近年、若年層を中心に、花粉症やアトピー性皮膚炎、食物アレルギー、気管支ぜんそくなどのアレルギー症状に悩まされる方が急増するようになりましたが、なぜそのような現象が起こるようになってしまったのでしょうか?
たとえば医学博士の藤田紘一郎氏は『アレルギーの9割は腸で治る! クスリに頼らない免疫力のつくり方』のなかで、その原因は現代社会特有の「清潔志向」であると述べています。
藤田氏によれば住環境の整備によって「私たちの周りにいて免疫力を高めてくれている細菌類を一方的に追い出した」結果、「キレイ社会」になっていったそうなのですが、「このような「キレイ社会」が免疫力低下を導き、花粉症ばかりではなく、ぜんそくやアトピー性皮膚炎などアレルギー性疾患を生み出した」のだといいます。
また、ここ50~60年の生活環境の変化によって「アレルギーの発症だけではなく、生きる力そのものが弱ってきた」と藤田氏は述べています。
つまり、昔は細菌や寄生虫、回虫などが体内に多く存在していることが、免疫力を維持することにつながっていたのですが、それらの生物を一緒くたに「悪者」扱いし、抗菌グッズが氾濫していることからも分かるように排除してしまったことで、免疫力も生きる力も低下してしまったというのです。
しかも、医療の現場で使われる抗生物質も体内で有用な働きをする菌の排除に拍車をかけていると言います。
さらに最近の著作である『腸内細菌が家出する日』の中でアレルギーと腸内細菌の減少の関係について述べていることは、花粉症やアトピー性皮膚炎の症状を少しでも改善していくために、非常に考えさせられます。

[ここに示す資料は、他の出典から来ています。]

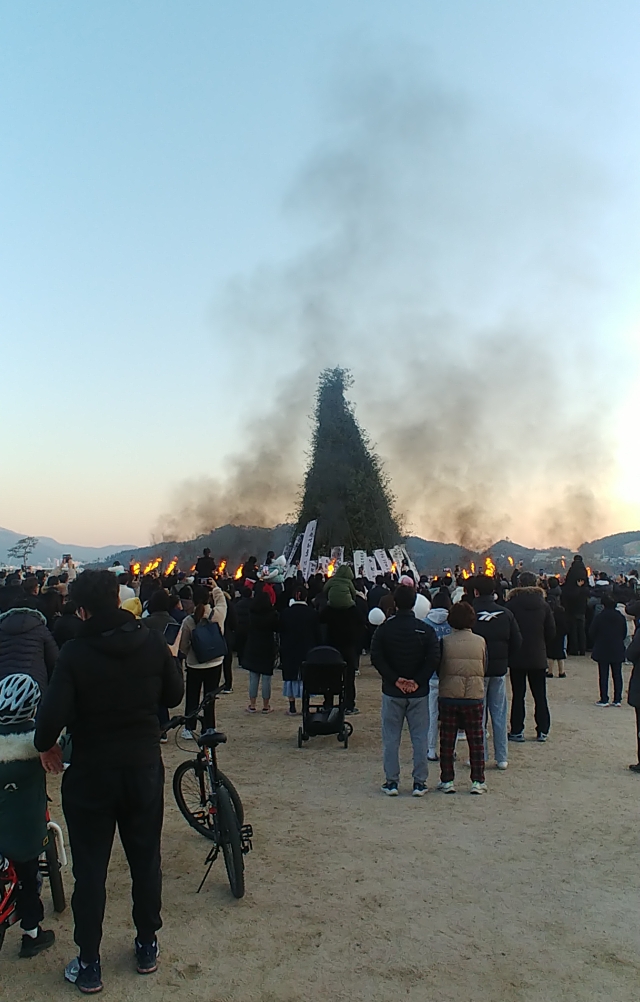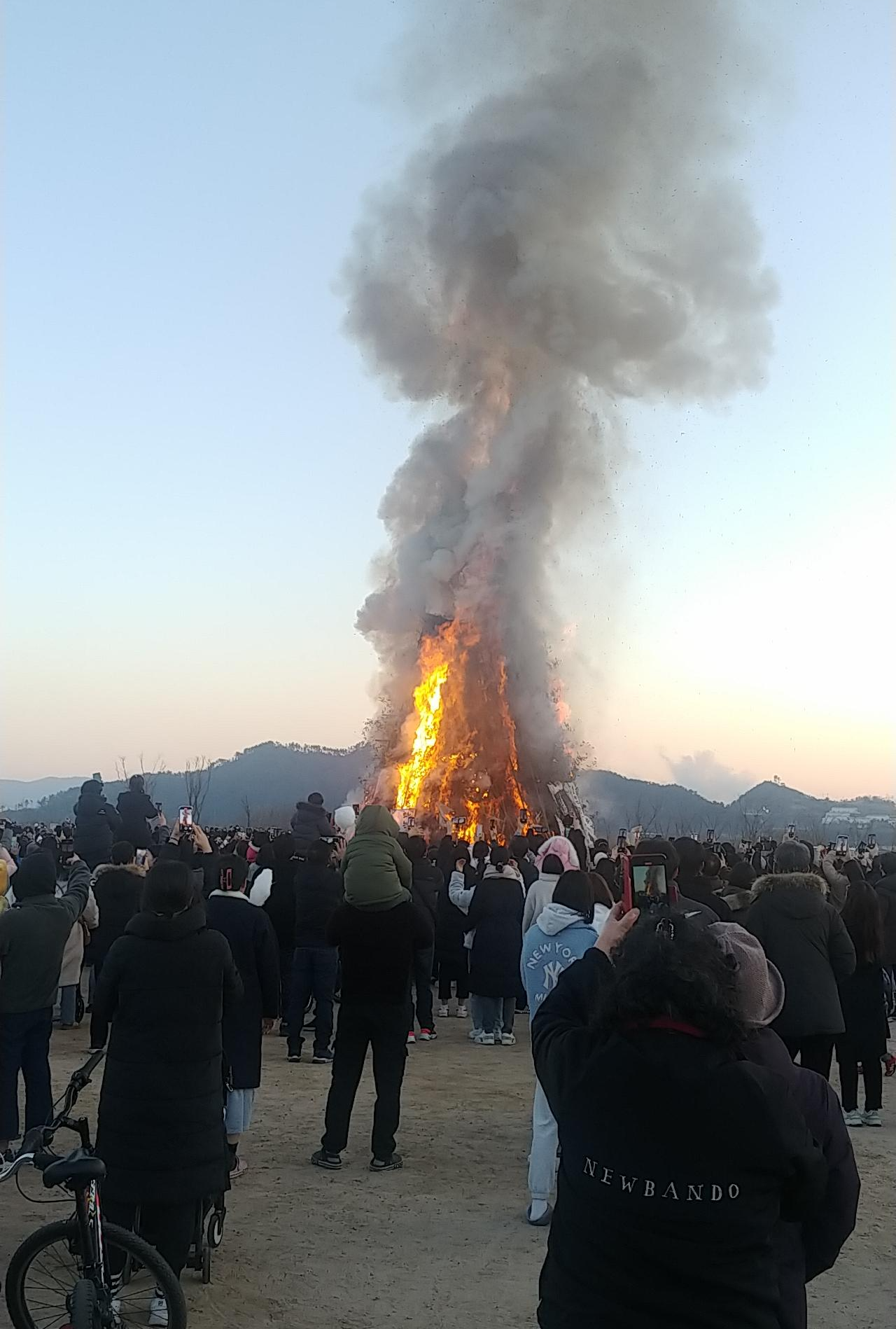 코로나로 각종 행사가 미뤄지다 드디어 3년 만에 황산공원에서 정월대보름 행사가 개채 되었습니다. 행사라고 그리 거창한 것은 아니고 약간의 술과 안주, 음료 무료 나눔과 대나무 탑 태우기가 진행되었지만 오랜만이 행사로 엄청난 인파가 모였답니다.

腸内細菌との共生によって脳を大きくできた人間は、道具を使い、言葉を操るようになりました。その結果、人間は生物との付き合いを選り好みするようになりました。つまり、私たち人間が地球の生物学的世界を体系的に変え始めたのです。
生物界の大きな集団の一部として生活していた頃のヒトは、泥でつくった小屋に住み、天井にはコウモリやクモが普通にみられました。お腹の中には寄生虫が必ずいて、肌には得体のしれない細菌やカビがみられることもあったでしょう。

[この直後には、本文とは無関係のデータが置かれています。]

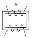 图示电路中,磁性材料上绕有两个导电线圈,若上方线圈加的是100V的直流电压,则: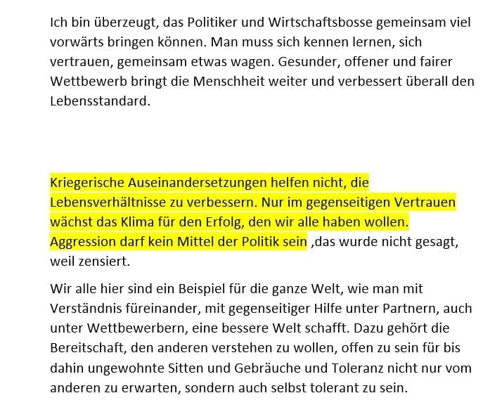 Ja, ich habe dort eine Rede gehalten, die ich vorab zum Übersetzen geschickt habe. Und sie haben tatsächlich eine Passage, in der ich vor Krieg gewarnt habe, herausgeschnitten oder nicht übersetzt. Es wurde mir auch gesagt, dass ich das nicht sagen solle. Ich habe auch nicht provoziert und diese drei Sätze nicht gesagt.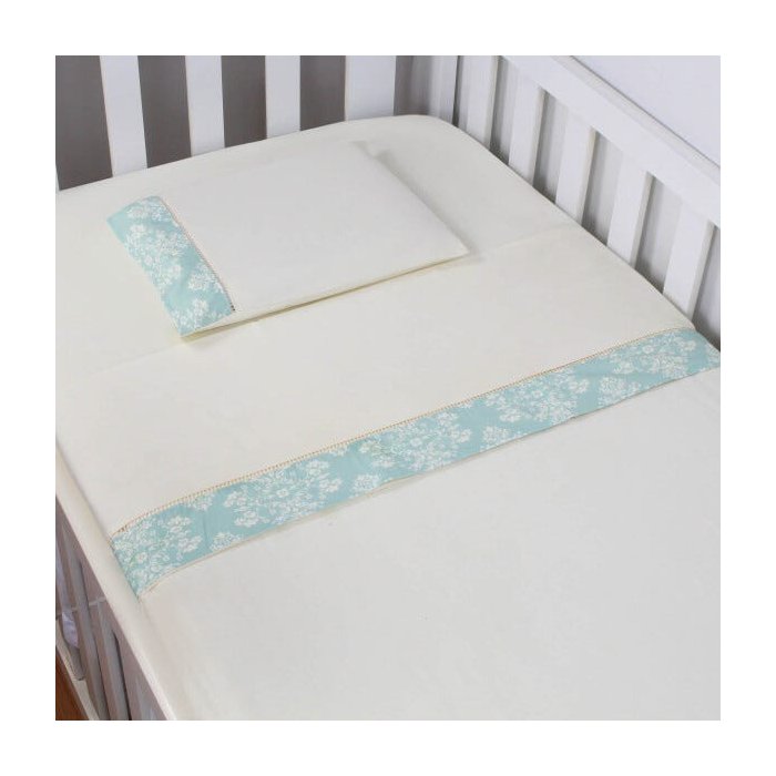Jogo 03 Peças Lençol + Fronha Ponto Palito para Berço Americano Nanna Baby - Provençal Verde
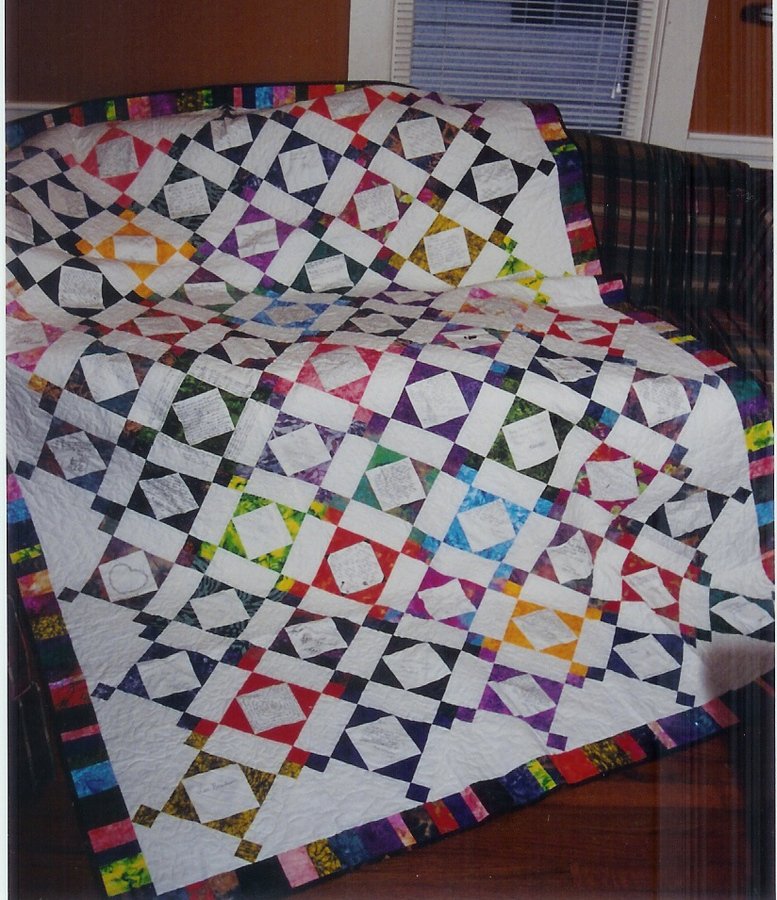 | Design Source - Description | I made this for my daughter Jaime when she graduated high school. All of her classmates signed a block. This is my first (and only to date) full sized quilt. Jaime told me it was her most prized possesion. |

私たちのまわりに存在する細菌や虫の中で、有害なのは一部だけです。大腸菌でも、病原性のある一部を除いてはほとんど無害なのです。それなのに抗生物質や殺虫剤を乱用し、とにかくありとあらゆる細菌や虫を排除しようとしています。
このように、自分にとって好ましく思う生物種だけを生かし、そうでないものは有無を言わさず殺す、という行動を人間がとるようになってしまいました。
たとえば、回虫などの寄生虫は人類にとっては欠かせないパートナーのようなものでしたが、キモチワルイという理由から徹底的に排除されてしまいました。すでに多くの人が知っているとおり、回虫をお腹に飼っていた時代に比べると、花粉症やアトピー性皮膚炎に悩む人が現代では爆発的に増えています。

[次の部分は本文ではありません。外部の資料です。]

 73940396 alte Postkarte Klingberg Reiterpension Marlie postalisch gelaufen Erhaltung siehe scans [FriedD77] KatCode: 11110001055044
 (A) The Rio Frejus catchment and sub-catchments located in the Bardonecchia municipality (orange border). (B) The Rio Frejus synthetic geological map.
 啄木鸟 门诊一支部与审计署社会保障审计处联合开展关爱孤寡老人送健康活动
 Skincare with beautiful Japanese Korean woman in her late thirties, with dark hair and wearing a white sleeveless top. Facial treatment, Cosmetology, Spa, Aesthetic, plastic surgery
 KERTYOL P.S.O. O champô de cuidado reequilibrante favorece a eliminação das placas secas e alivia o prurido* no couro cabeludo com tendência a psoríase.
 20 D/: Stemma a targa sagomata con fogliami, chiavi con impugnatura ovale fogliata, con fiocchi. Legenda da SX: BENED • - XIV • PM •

(藤田紘一郎『腸内細菌が家出する日』 p92~93)
私は、日本人の近年のアレルギー性疾患増加の原因は、腸内細菌の減少にもあると考えています。
日本人の腸内細菌の数は、戦前の半分以下に減少しています。腸内フローラのバランスも崩れてきていて、日本人の腸年齢はどんどん老化する一方です。
このことは、私たちの糞便を調査することでよくわかります。糞便の約半分は、生きた腸内細菌と死んだ腸内細菌が占めているからです。
(藤田紘一郎『腸内細菌が家出する日』 p98~99)
アレルギーと腸内細菌の関係とは?
では、腸内細菌の減少とアレルギーはどのように関わってくるのでしょうか?
藤田紘一郎氏は「腸内細菌は「もう一人の私」なのです」とし、「それらの細菌の多くはヒトの腸にしか棲むことができないため、私たちが病気にならないよう、長く生きられるようにいろいろ工夫しています」と述べています。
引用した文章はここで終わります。